■ **WORK TO COMPLETE**: Transcribe all records exactly; omit pictures.

-------- PROVIDED ENTRIES

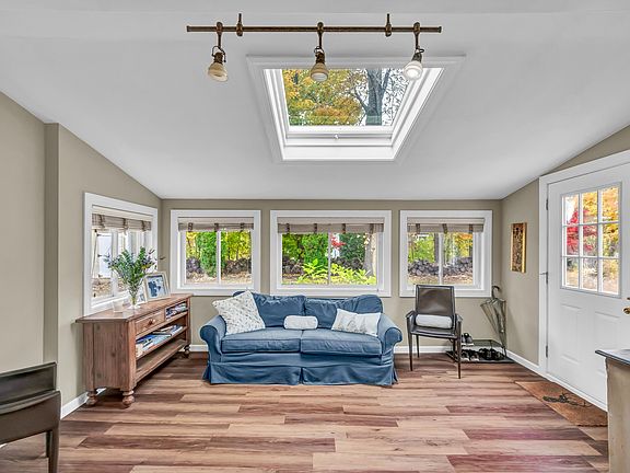 Charming and updated 4 bedroom Cape-style home in the highly sought-after Candlewood Orchards lake community! Just a short stroll from Candlewood Lake, this mint-condition home includes access to a private beach--an ideal opportunity to enjoy lake living. Step inside to a bright sunroom with oversized new skylight that leads to a cozy living room featuring the first of two wood-burning fireplaces and gleaming hardwood floors. A recently updated chef's kitchen is a dream offering shaker cabinetry, a large center island, granite countertops, farm sink, gas cooking, stainless steel appliances and a dining area. The main level also includes two bedrooms, two full bathrooms, and an office offering a work-from-home option. Upstairs, the oversized primary en-suite bedroom boasts vaulted ceilings, a large new skylight, full bath and a walk-in closet. A partially finished lower level provides a fourth bedroom with a brick wood-burning fireplace, plenty of storage, and access to the one-car garage. Home improvements include a renovated kitchen and baths, new roof, new skylights, newly sealed driveway and Central Air. Enjoy a level, beautifully usable yard with a large deck perfect for outdoor entertaining and a convenient storage shed for all your outdoor gear. Conveniently located near shopping, schools, and highways, yet tucked within a quiet, scenic lake community--this home offers comfort, flexibility, and the best of lake life living
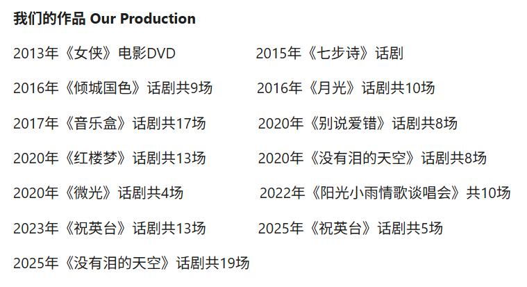 剧团代表作品包括《月光》《音乐盒》《红楼梦》《祝英台》《没有泪的天空》等。制作特色结合高清LED背景、3D技术及高品质音响,带来沉浸式舞台体验。《音乐盒》更成功走向国际,在台湾及印尼演出,推动马来西亚话剧文化交流。
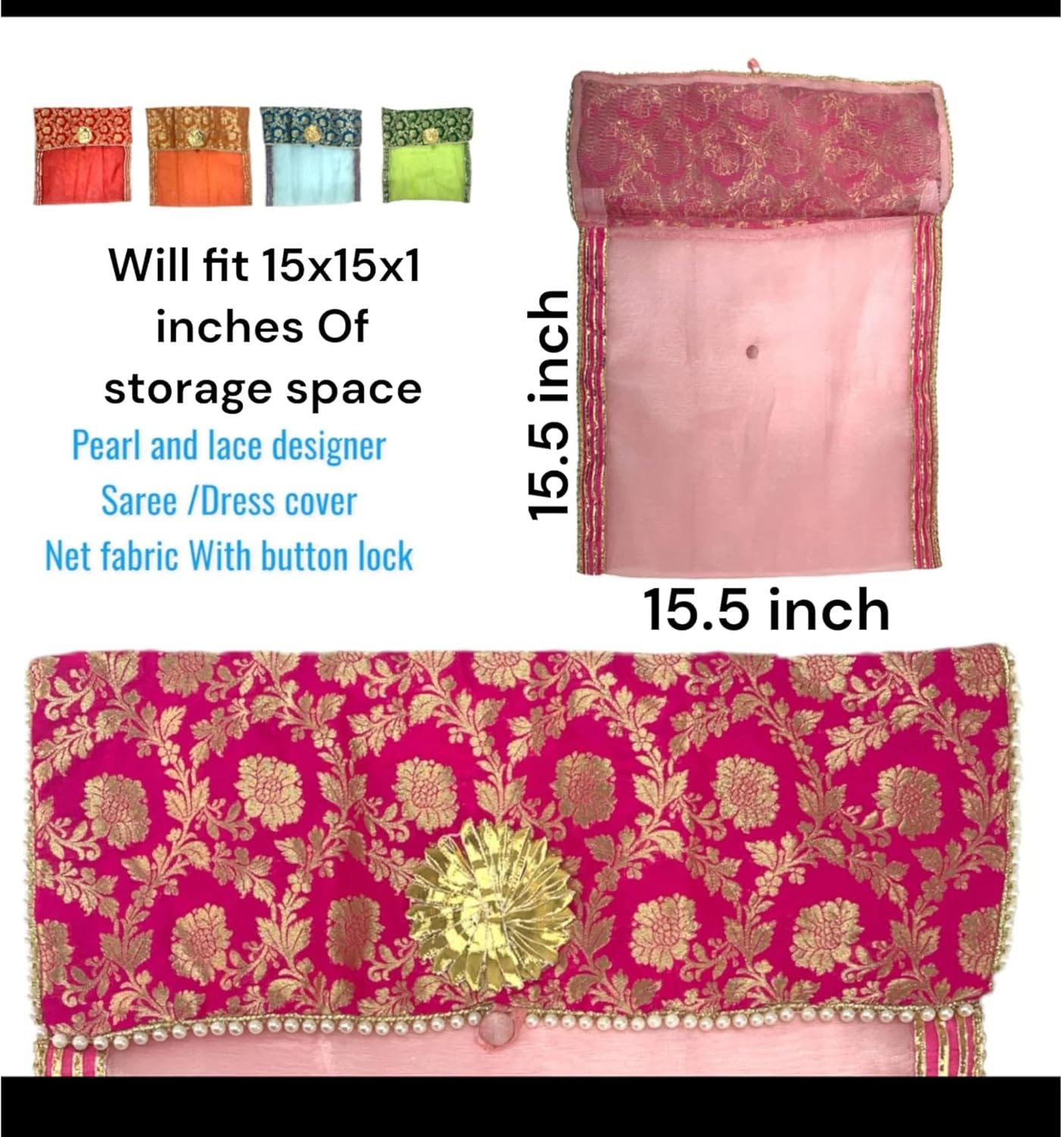 Organize with Style: These saree covers are designed to help you keep your sarees organized in your wardrobe. The button closure ensures that your sarees are securely stored and protected from dust and damage.
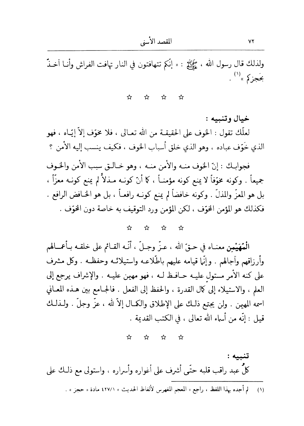وَلذَلِك قَالَ رَسُول الله صلى الله عَلَيْهِ وَسلم إِنَّكُم تتهافتون فِي النَّار تهافت الْفراش وَأَنا آخذ بِحُجزِكُمْ خيال وتنبيه
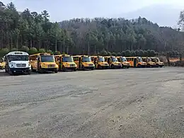 - The Cherokee County School Bus Garage located near Murphy Middle maintains all school buses for the school district. Cherokee County has 41 yellow school buses and 13 activity buses, a total of 54. The first bus was purchased in 1926, serving the Andrews community. School activity buses for the district were purchased in 1950 by Andrews City Schools, 1966 by Hiwassee Dam School, and 1969 by Murphy City Schools (the individual districts merged into CCS in the 1980s).
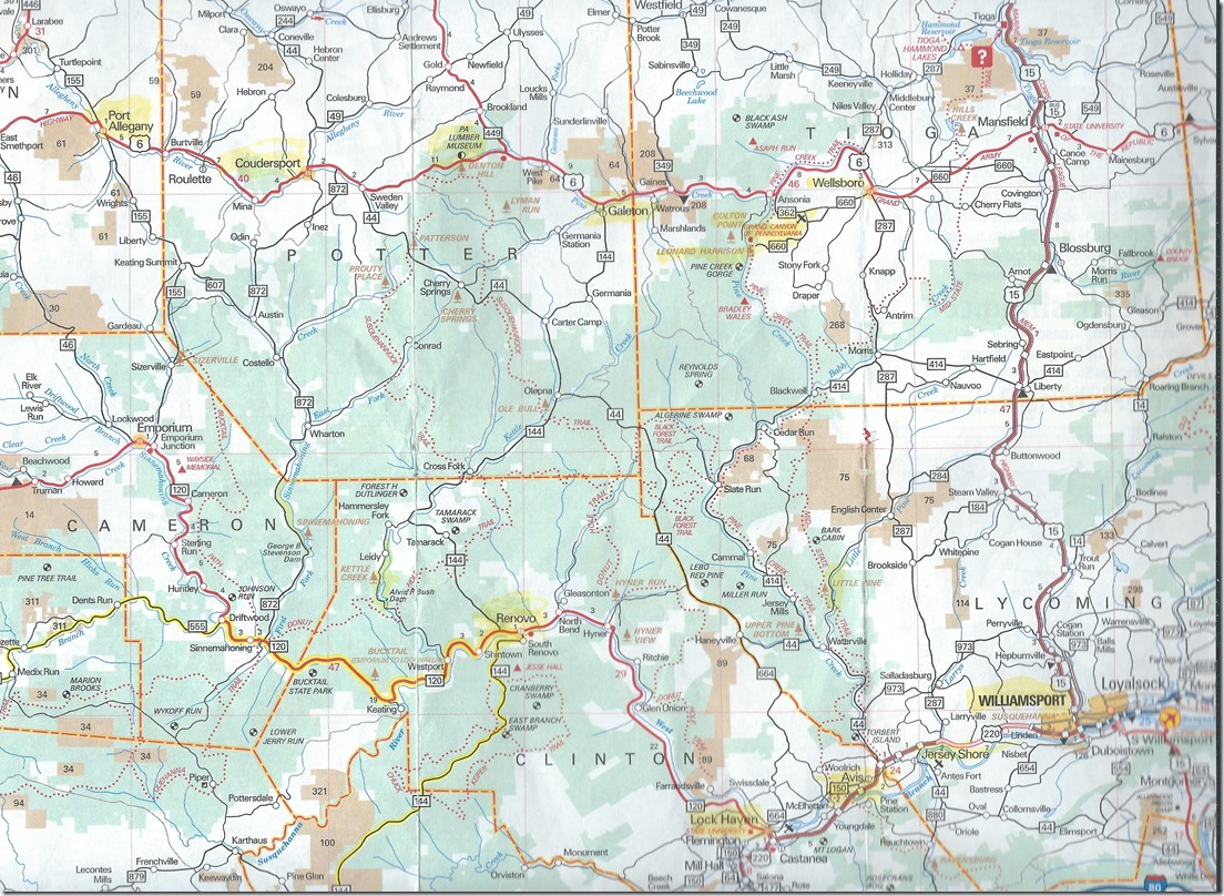 1. Upon leaving Galeton on Wednesday, 06-23-2021, we headed south on PA 144 to Renovo. This was a long curvy road. PA road map. Port Allegheny. Williamsport. Click here for a larger image.
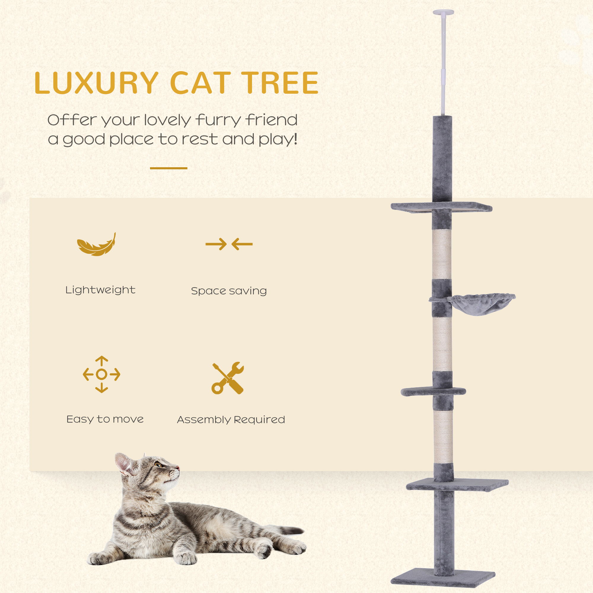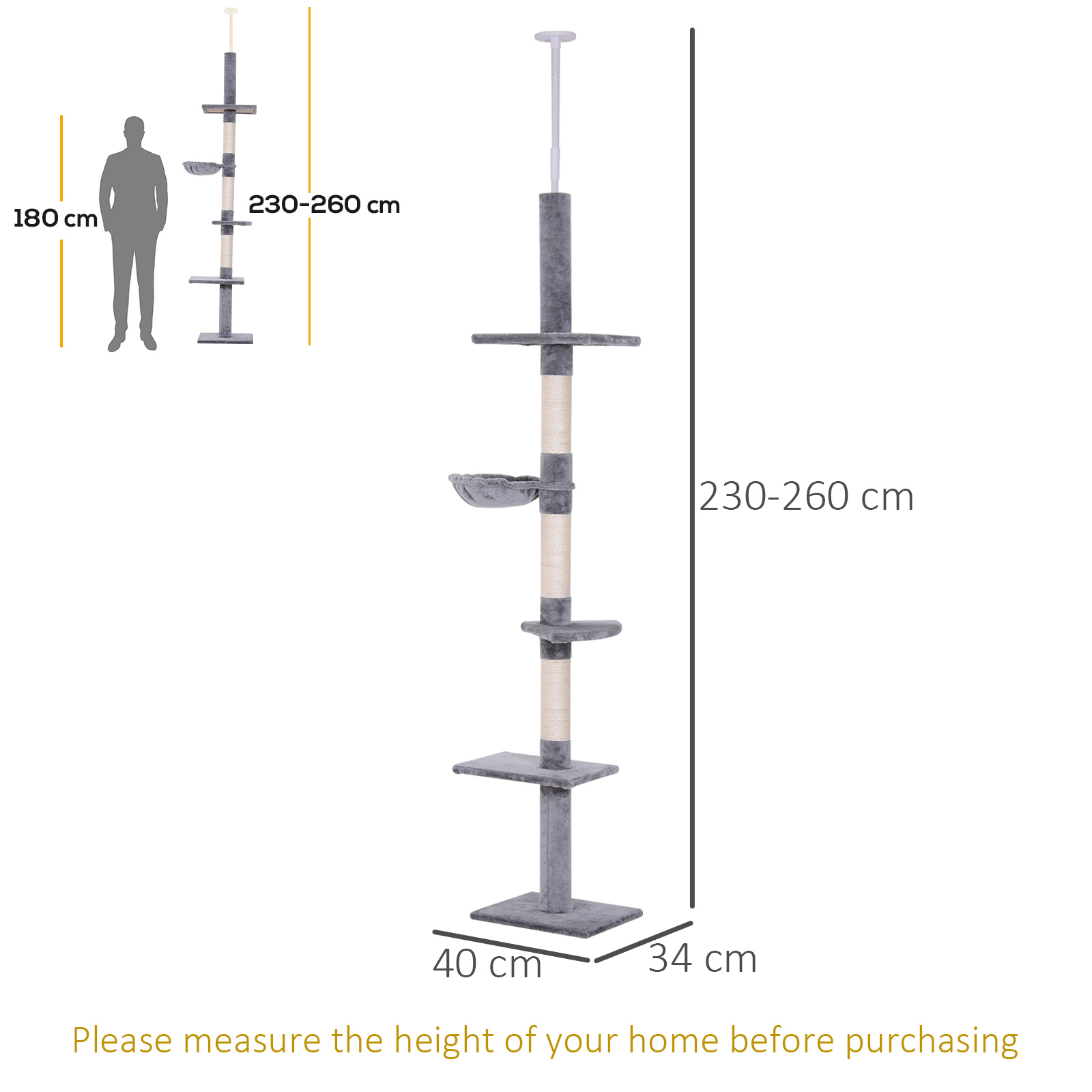 Transform your home into a feline paradise with the PawHut cat play tower, designed for the ultimate comfort and entertainment of your beloved cats. This towering structure, stretching from floor to ceiling, offers five tiers for climbing, lounging, and exploring, ensuring your cats have endless fun while staying active. The integrated scratching post can protect your furniture. Height adjusts from 230cm to 260cm, it seamlessly fits any room, providing a cozy haven for your furry companions.

----------------

■ **RESULT**:
 Charming and updated 4 bedroom Cape-style home in the highly sought-after Candlewood Orchards lake community! Just a short stroll from Candlewood Lake, this mint-condition home includes access to a private beach--an ideal opportunity to enjoy lake living. Step inside to a bright sunroom with oversized new skylight that leads to a cozy living room featuring the first of two wood-burning fireplaces and gleaming hardwood floors. A recently updated chef's kitchen is a dream offering shaker cabinetry, a large center island, granite countertops, farm sink, gas cooking, stainless steel appliances and a dining area. The main level also includes two bedrooms, two full bathrooms, and an office offering a work-from-home option. Upstairs, the oversized primary en-suite bedroom boasts vaulted ceilings, a large new skylight, full bath and a walk-in closet. A partially finished lower level provides a fourth bedroom with a brick wood-burning fireplace, plenty of storage, and access to the one-car garage. Home improvements include a renovated kitchen and baths, new roof, new skylights, newly sealed driveway and Central Air. Enjoy a level, beautifully usable yard with a large deck perfect for outdoor entertaining and a convenient storage shed for all your outdoor gear. Conveniently located near shopping, schools, and highways, yet tucked within a quiet, scenic lake community--this home offers comfort, flexibility, and the best of lake life living
 剧团代表作品包括《月光》《音乐盒》《红楼梦》《祝英台》《没有泪的天空》等。制作特色结合高清LED背景、3D技术及高品质音响,带来沉浸式舞台体验。《音乐盒》更成功走向国际,在台湾及印尼演出,推动马来西亚话剧文化交流。
 Organize with Style: These saree covers are designed to help you keep your sarees organized in your wardrobe. The button closure ensures that your sarees are securely stored and protected from dust and damage.
وَلذَلِك قَالَ رَسُول الله صلى الله عَلَيْهِ وَسلم إِنَّكُم تتهافتون فِي النَّار تهافت الْفراش وَأَنا آخذ بِحُجزِكُمْ خيال وتنبيه
 - The Cherokee County School Bus Garage located near Murphy Middle maintains all school buses for the school district. Cherokee County has 41 yellow school buses and 13 activity buses, a total of 54. The first bus was purchased in 1926, serving the Andrews community. School activity buses for the district were purchased in 1950 by Andrews City Schools, 1966 by Hiwassee Dam School, and 1969 by Murphy City Schools (the individual districts merged into CCS in the 1980s).
 1. Upon leaving Galeton on Wednesday, 06-23-2021, we headed south on PA 144 to Renovo. This was a long curvy road. PA road map. Port Allegheny. Williamsport. Click here for a larger image.
 Transform your home into a feline paradise with the PawHut cat play tower, designed for the ultimate comfort and entertainment of your beloved cats. This towering structure, stretching from floor to ceiling, offers five tiers for climbing, lounging, and exploring, ensuring your cats have endless fun while staying active. The integrated scratching post can protect your furniture. Height adjusts from 230cm to 260cm, it seamlessly fits any room, providing a cozy haven for your furry companions.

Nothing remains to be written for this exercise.